- **ACTIVITY**
Please print, exactly, only the lines in the entries below from the line that has "写真は、柚子の樹です。とげが鋭く強いため収獲しずらく痛いです。" through the line that has "Probability of exceeding". Pictures don't go in.

- **GIVEN DATA**
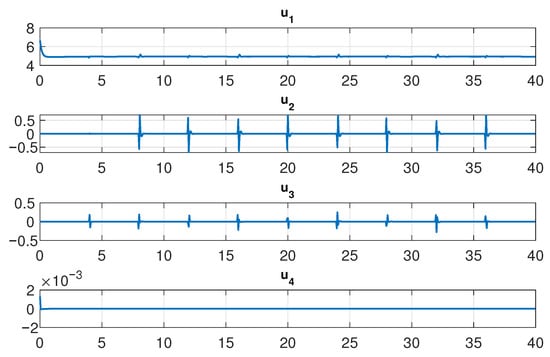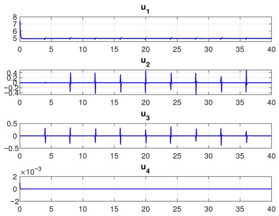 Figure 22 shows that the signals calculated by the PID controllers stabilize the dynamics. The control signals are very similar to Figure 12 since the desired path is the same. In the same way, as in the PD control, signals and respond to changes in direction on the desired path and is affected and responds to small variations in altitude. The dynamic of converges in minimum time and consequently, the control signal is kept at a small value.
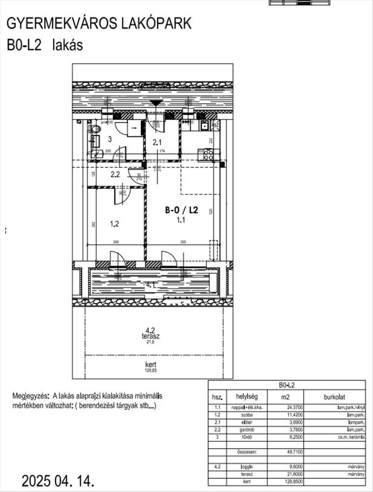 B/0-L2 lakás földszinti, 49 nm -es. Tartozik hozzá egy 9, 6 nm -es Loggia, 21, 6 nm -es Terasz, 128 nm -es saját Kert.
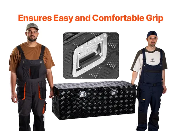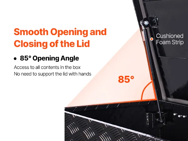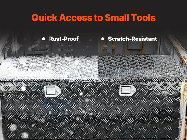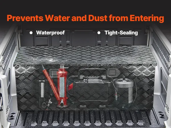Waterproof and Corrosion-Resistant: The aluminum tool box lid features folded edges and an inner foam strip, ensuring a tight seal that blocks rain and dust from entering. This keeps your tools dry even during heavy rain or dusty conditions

--

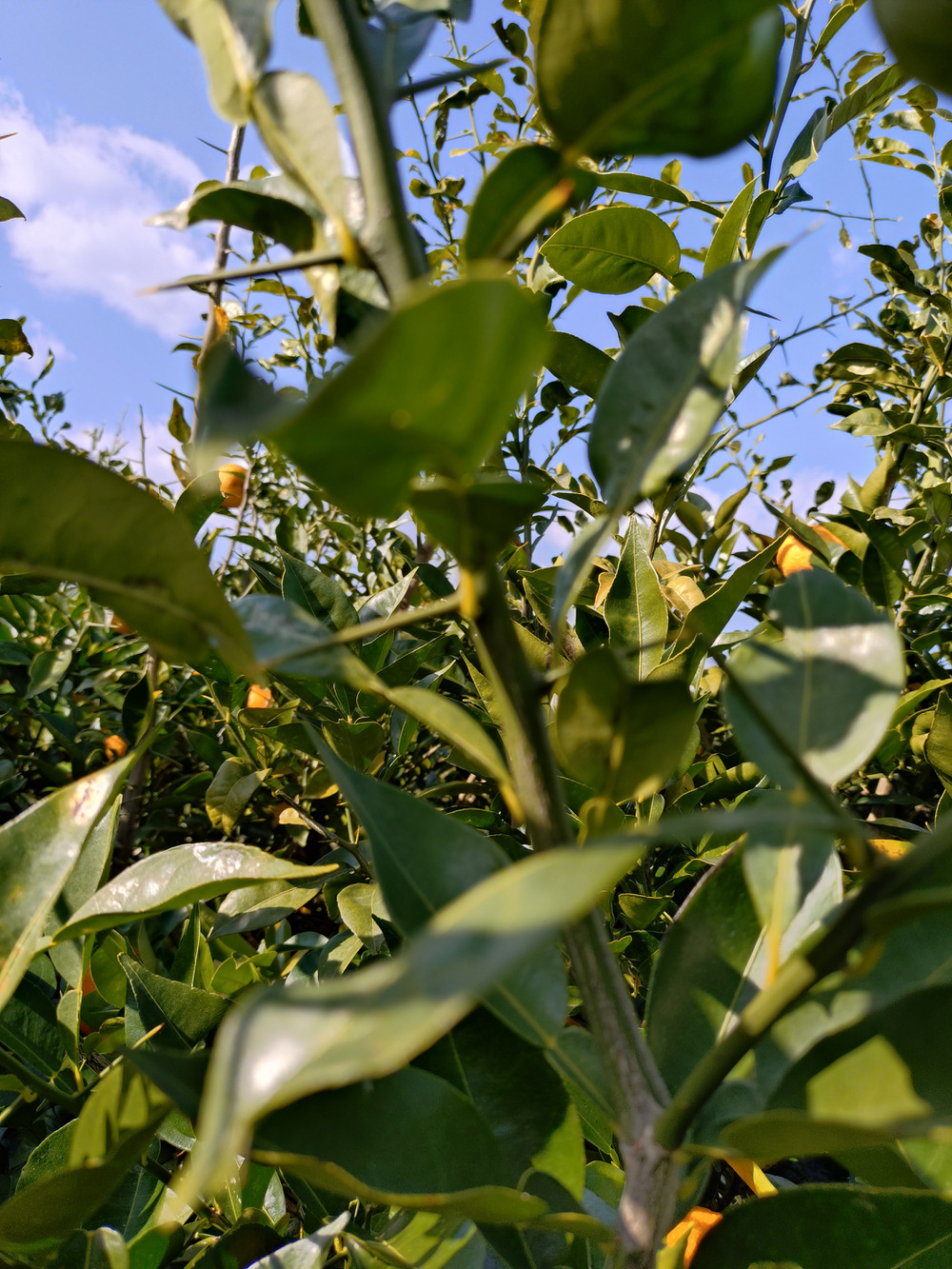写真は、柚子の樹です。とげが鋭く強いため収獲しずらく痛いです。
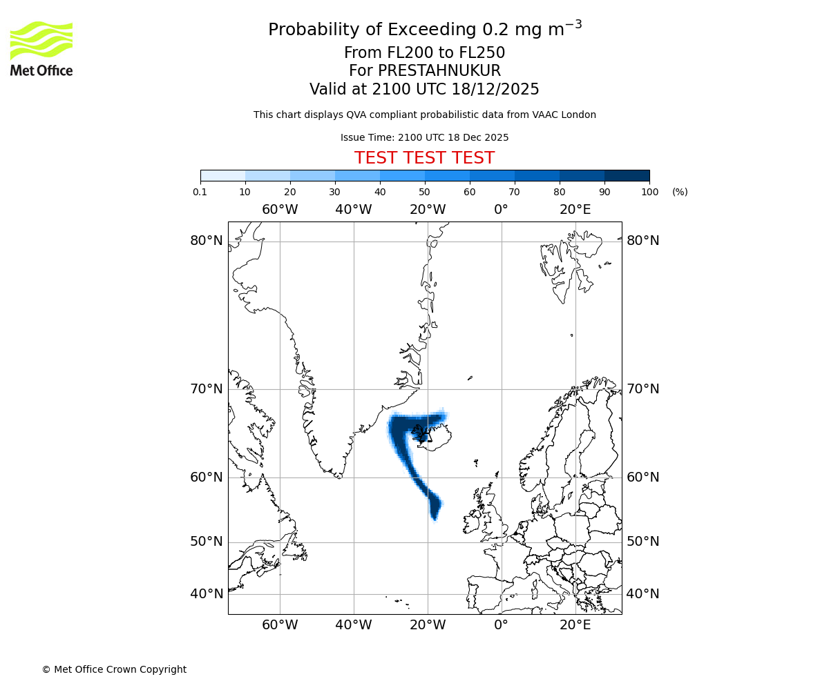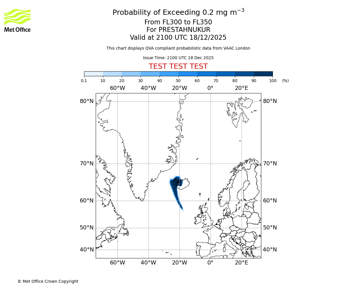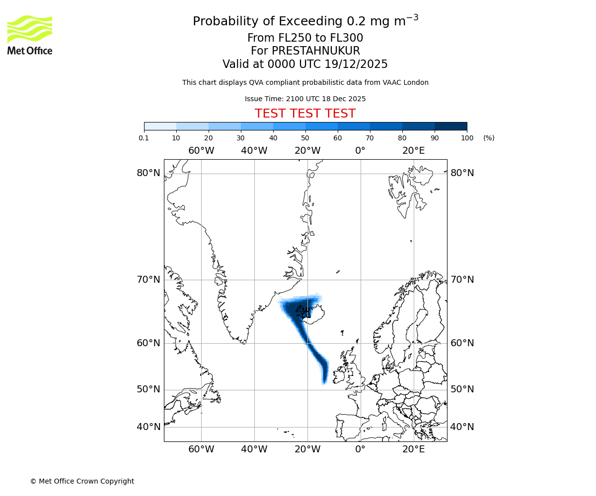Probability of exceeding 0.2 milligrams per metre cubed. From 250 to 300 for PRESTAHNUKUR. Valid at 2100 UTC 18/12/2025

...

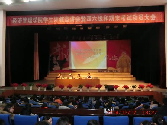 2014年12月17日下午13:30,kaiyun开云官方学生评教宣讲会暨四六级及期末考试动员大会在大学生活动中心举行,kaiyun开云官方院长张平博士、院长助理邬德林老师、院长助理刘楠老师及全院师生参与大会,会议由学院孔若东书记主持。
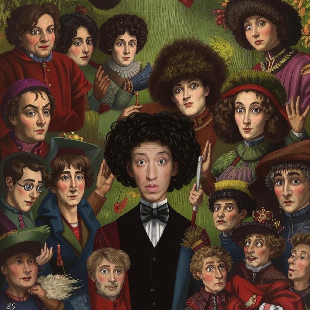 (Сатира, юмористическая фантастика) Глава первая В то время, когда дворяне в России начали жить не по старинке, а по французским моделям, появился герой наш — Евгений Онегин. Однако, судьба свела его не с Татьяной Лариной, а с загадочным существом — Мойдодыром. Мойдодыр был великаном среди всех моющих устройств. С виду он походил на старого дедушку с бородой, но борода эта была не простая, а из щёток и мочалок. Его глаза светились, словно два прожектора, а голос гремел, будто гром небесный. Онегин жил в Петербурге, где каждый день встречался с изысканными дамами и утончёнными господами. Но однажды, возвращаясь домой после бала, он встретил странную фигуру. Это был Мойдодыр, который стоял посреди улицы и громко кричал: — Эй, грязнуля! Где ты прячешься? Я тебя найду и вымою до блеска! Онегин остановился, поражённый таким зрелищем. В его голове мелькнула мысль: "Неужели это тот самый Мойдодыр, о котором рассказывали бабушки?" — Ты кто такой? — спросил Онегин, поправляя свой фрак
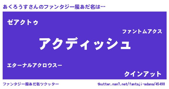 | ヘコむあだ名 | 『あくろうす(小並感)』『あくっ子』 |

- **OUTPUT OF THE TASK**
写真は、柚子の樹です。とげが鋭く強いため収獲しずらく痛いです。
Probability of exceeding 0.2 milligrams per metre cubed. From 250 to 300 for PRESTAHNUKUR. Valid at 2100 UTC 18/12/2025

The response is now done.